Task directions: Beginning with the line containing "La agrupación chilena" and ending with the line containing "The bond stress", write out each line of the records below exactly; pictures and lines outside that range are left out.

━━━━━ Input data ━━━━━

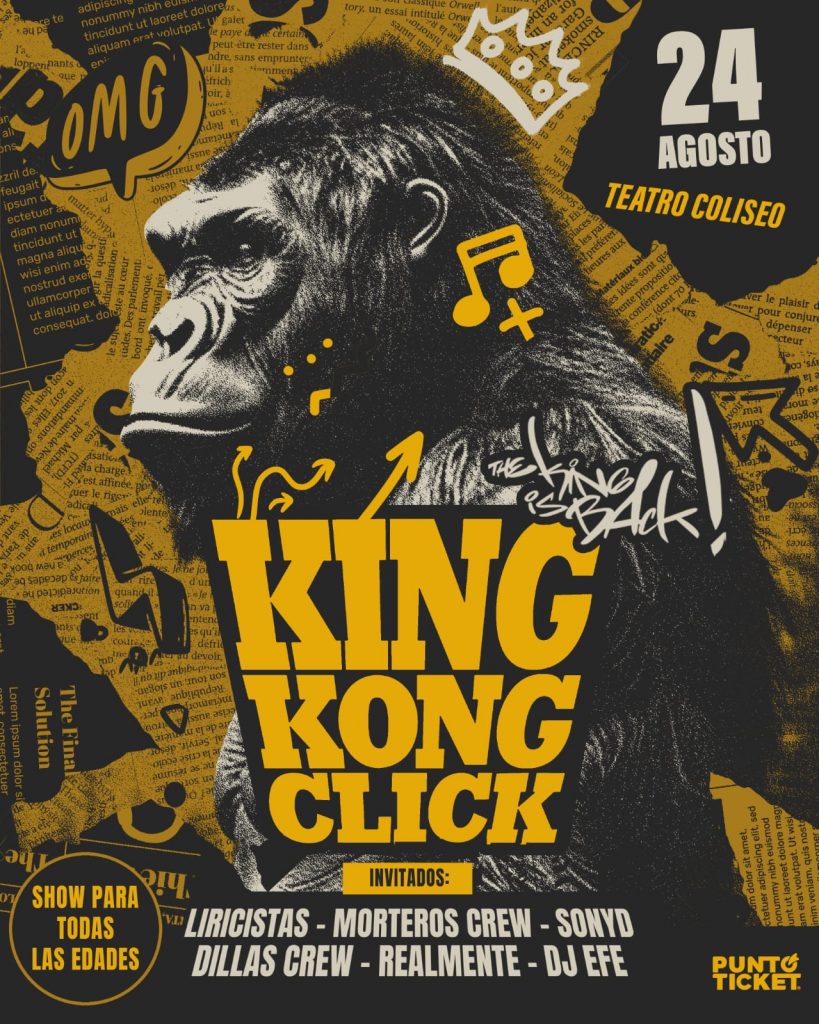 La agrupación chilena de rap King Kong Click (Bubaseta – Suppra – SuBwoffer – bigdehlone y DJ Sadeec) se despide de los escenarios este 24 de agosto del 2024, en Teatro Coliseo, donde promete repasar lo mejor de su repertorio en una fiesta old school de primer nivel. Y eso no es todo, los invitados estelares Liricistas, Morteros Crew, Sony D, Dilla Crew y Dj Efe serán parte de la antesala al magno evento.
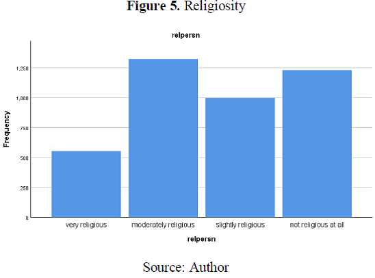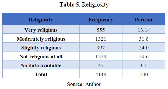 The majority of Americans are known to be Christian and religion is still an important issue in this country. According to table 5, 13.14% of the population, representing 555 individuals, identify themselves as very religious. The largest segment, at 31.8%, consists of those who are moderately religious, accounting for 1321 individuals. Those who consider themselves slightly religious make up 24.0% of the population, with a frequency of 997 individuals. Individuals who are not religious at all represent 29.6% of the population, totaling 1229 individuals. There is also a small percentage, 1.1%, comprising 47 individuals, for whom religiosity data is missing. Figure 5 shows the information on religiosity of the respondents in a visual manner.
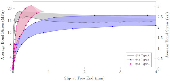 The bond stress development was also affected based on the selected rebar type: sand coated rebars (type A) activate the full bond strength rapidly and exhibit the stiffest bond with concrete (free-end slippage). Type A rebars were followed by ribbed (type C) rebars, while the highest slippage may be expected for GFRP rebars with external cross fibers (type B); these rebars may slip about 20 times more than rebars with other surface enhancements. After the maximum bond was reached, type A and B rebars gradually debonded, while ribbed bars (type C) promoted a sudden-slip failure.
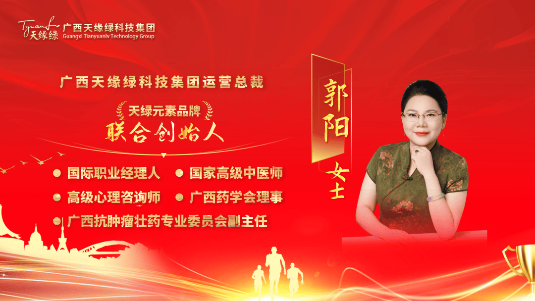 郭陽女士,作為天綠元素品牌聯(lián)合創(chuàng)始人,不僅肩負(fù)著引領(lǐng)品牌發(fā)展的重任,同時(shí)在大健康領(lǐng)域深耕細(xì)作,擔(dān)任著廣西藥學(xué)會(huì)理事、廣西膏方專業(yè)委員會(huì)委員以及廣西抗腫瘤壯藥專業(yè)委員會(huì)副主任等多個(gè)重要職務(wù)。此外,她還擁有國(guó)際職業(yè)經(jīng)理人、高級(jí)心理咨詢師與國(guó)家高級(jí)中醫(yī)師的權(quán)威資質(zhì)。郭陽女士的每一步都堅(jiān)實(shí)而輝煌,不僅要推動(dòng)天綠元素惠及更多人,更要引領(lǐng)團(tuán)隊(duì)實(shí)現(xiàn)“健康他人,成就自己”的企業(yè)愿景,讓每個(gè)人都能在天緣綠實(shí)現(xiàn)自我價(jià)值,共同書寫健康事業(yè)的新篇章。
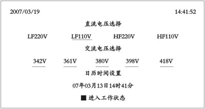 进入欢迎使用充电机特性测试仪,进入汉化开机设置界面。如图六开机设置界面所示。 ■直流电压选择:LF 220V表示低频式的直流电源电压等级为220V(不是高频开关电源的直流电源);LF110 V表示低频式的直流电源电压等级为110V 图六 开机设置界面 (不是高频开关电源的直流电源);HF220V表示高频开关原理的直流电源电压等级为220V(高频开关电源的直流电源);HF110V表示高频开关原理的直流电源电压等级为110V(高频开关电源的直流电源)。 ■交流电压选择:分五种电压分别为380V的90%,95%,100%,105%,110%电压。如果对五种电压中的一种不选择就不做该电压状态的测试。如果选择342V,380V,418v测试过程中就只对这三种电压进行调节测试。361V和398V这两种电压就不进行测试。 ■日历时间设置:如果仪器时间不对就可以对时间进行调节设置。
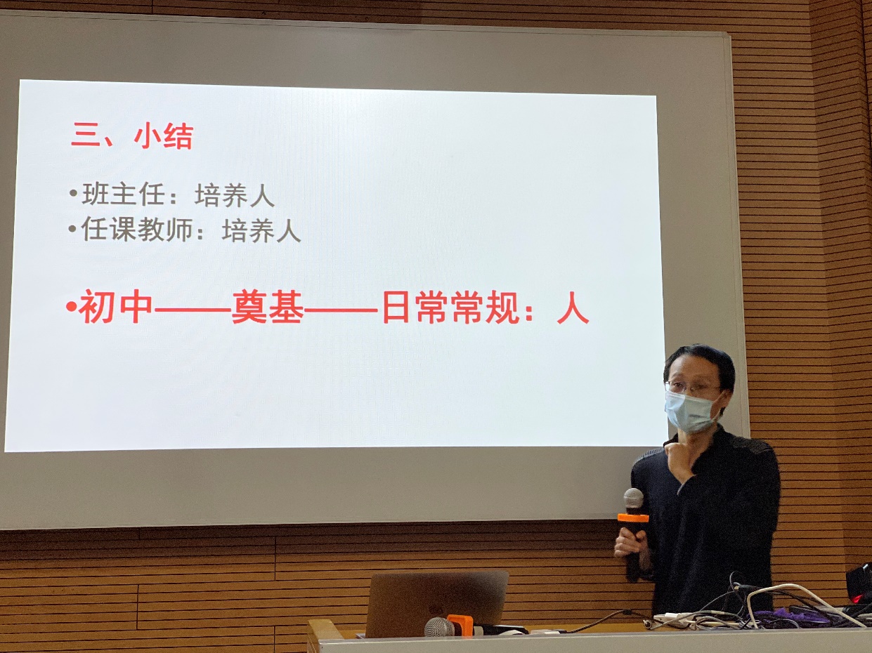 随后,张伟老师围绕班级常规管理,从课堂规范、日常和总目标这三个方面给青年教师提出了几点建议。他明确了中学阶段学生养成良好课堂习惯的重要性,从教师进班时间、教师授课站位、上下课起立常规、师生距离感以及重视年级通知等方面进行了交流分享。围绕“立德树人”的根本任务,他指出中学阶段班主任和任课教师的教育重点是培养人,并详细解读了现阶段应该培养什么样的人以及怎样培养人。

━━━━━
━━━━━ Input data ━━━━━

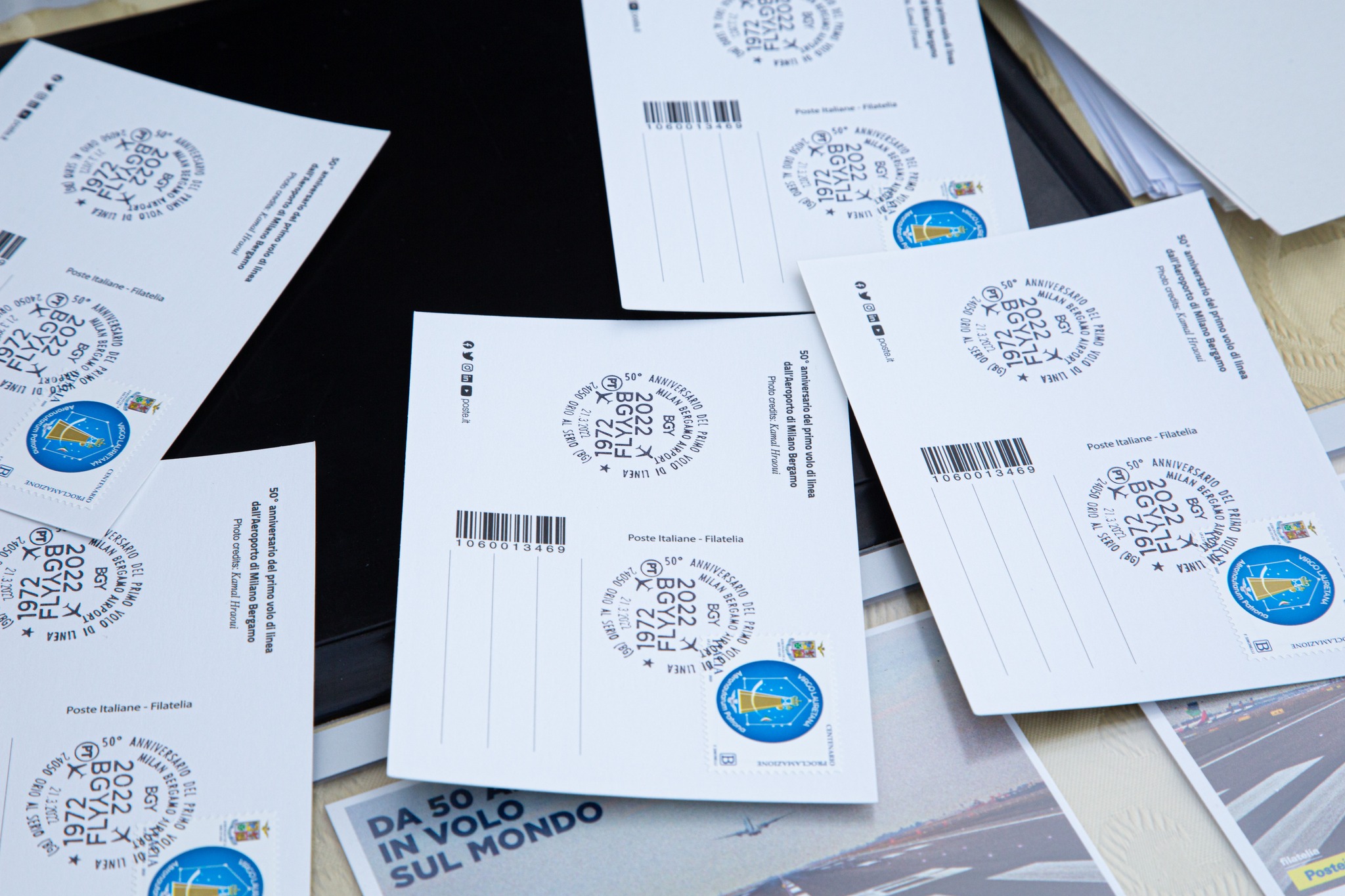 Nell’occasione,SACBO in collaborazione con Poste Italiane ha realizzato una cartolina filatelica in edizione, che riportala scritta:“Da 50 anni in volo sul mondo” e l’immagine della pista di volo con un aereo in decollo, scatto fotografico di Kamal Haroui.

━━━━━

Answer section:
 La agrupación chilena de rap King Kong Click (Bubaseta – Suppra – SuBwoffer – bigdehlone y DJ Sadeec) se despide de los escenarios este 24 de agosto del 2024, en Teatro Coliseo, donde promete repasar lo mejor de su repertorio en una fiesta old school de primer nivel. Y eso no es todo, los invitados estelares Liricistas, Morteros Crew, Sony D, Dilla Crew y Dj Efe serán parte de la antesala al magno evento.
 The majority of Americans are known to be Christian and religion is still an important issue in this country. According to table 5, 13.14% of the population, representing 555 individuals, identify themselves as very religious. The largest segment, at 31.8%, consists of those who are moderately religious, accounting for 1321 individuals. Those who consider themselves slightly religious make up 24.0% of the population, with a frequency of 997 individuals. Individuals who are not religious at all represent 29.6% of the population, totaling 1229 individuals. There is also a small percentage, 1.1%, comprising 47 individuals, for whom religiosity data is missing. Figure 5 shows the information on religiosity of the respondents in a visual manner.
 The bond stress development was also affected based on the selected rebar type: sand coated rebars (type A) activate the full bond strength rapidly and exhibit the stiffest bond with concrete (free-end slippage). Type A rebars were followed by ribbed (type C) rebars, while the highest slippage may be expected for GFRP rebars with external cross fibers (type B); these rebars may slip about 20 times more than rebars with other surface enhancements. After the maximum bond was reached, type A and B rebars gradually debonded, while ribbed bars (type C) promoted a sudden-slip failure.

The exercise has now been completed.